A cadre of police representatives attended the meeting, including patrol division Deputy Superintendent Bernard O’Rourke, District B-3 commander Captain Haseeb Hosein, Sgt. Detective Michael Casinelli of the sex offender unit, and officers from the investigative services and community outreach sections of the department.
With respect to the neighborhood alert, Officer Cynthia Brewington noted that “any time there is a cluster of sex offenders, that is when notification has to be made. If it is not a cluster, then we are not required to notify.” A cluster is defined as three or more Level 3 offenders. If called, officers, making themselves highly visible, can come by the neighborhood for about an hour, said Brewington, who added: “Please know there are not enough officers in our district to be on your street at all times.”

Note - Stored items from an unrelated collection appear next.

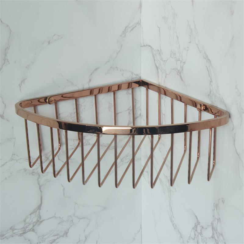 Kaiping Youjia Baño Acero Inoxidable 304 Oro Rosa Estante de Esquina para Baño Cesta Triangular para Baño Estante de Almacenamiento Cesta de Malla 0394
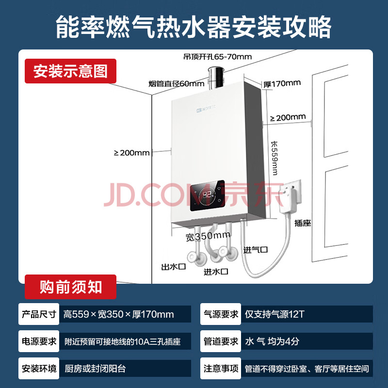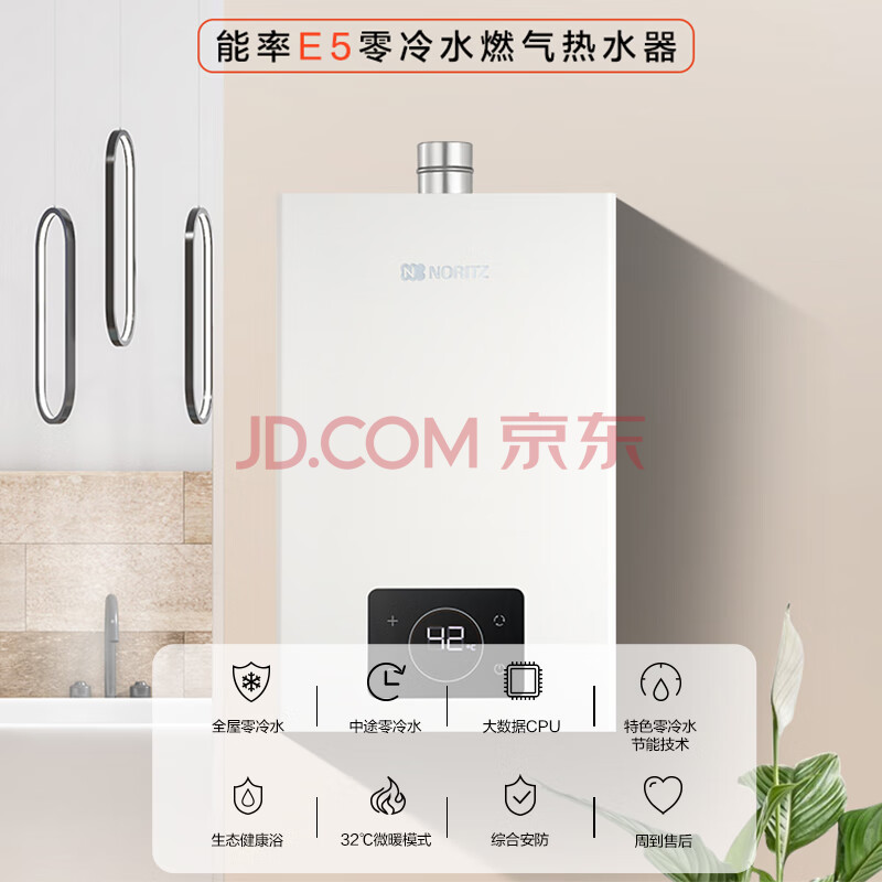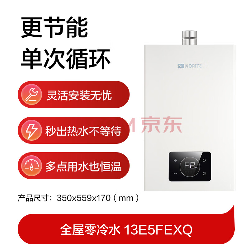 商品相册:能率(NORITZ)燃气热水器13升 全屋零冷水 两管可安装 恒温 下置风机 上门安装 13E5FEXQ天然气第1张/共8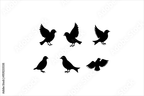 Obraz premium "Bird Silhouettes Collection: Black Bird Silhouettes on White Background -...

If any of the men on the registry are seen interacting with children, residents should call the police immediately, Deputy O’Rourke said. Level 3s “are the ones you have to worry about,” he added, noting that informed residents should know for whom to look out around schools, libraries, or other areas with high concentrations of children.

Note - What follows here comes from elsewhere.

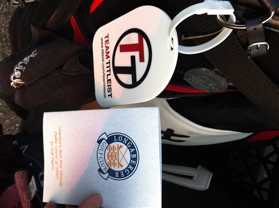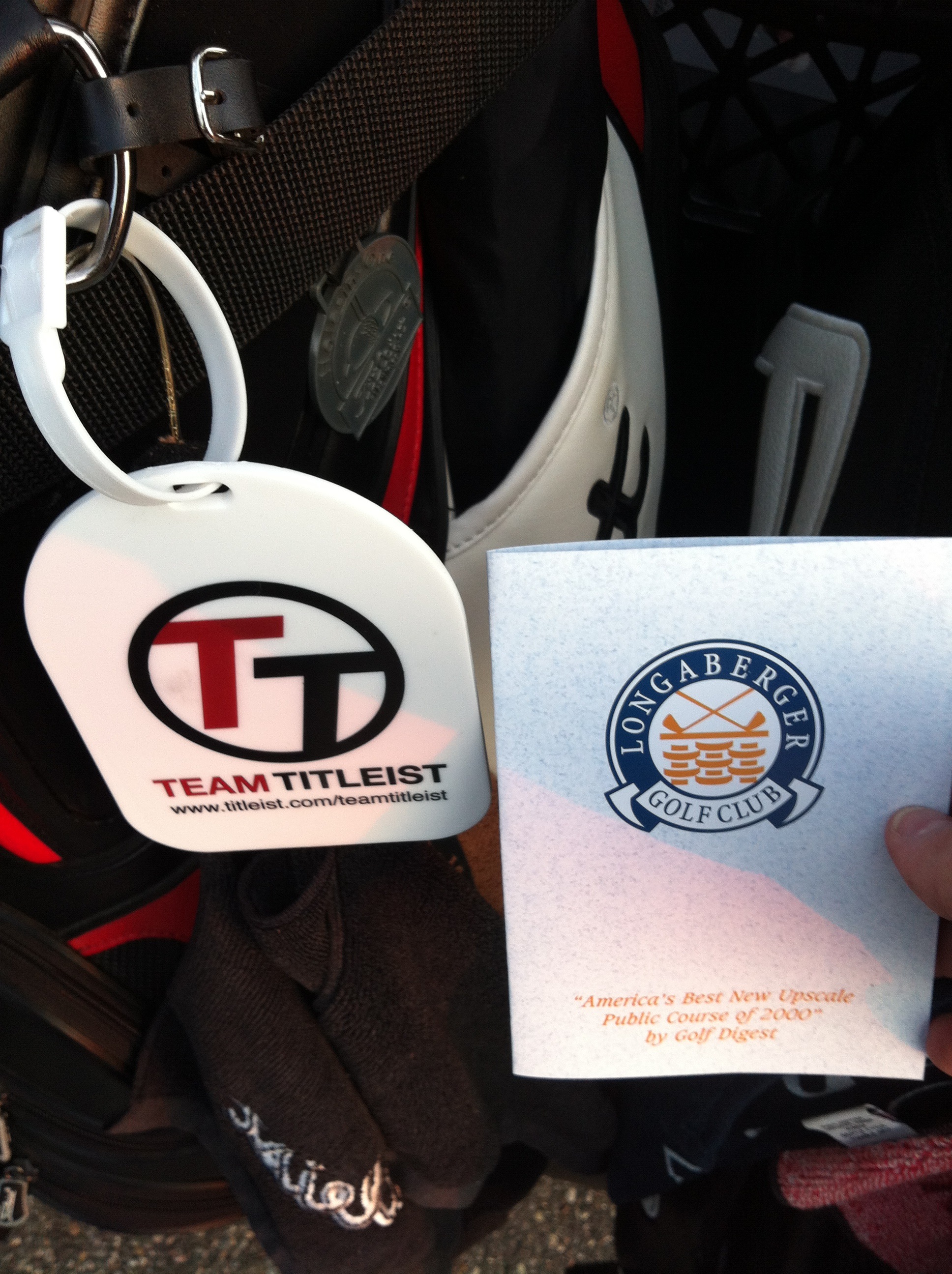 Representing TT @ Longaberger just this summer!!! Next to my Titleist Hole in One bag tag!

There are thousands of such offenders across the state and in Boston, the police pointed out. According to the registry board, Dorchester houses 163 Level 2 sex offenders and 122 Level 3 offenders. The whole of Boston houses 508 and 409, respectively. These individuals are permitted to live together, provided their housing is being operated to code.

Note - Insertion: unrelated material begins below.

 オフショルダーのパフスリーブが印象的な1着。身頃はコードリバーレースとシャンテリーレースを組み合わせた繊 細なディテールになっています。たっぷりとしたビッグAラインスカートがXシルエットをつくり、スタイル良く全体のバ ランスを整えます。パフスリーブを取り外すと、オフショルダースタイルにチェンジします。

In September, after calls from the Milton Street neighborhood, Inspectional Serviceds ISD cited the landlord after multiple unsuccessful attempts to gain entry to No. 96 to assess the living situation. The three-family dwelling, which contains 12 bedrooms and 3 bathrooms, is owned by Kelvin Sanders of Last Layer Realty, LLC, according to city assessing records.
At the meeting, ISD Commissioner William Christopher said that inspection of the property revealed that it was being used as an illegal rooming house: individual rooms were rented out, and residents shared common bathroom and kitchen space on each floor. To operate as such a facility, Christopher said, the building must be zoned and licensed specifically as a lodging house. A two-step public process, including a Zoning Board of Appeals hearing and subsequent licensing, would be necessary.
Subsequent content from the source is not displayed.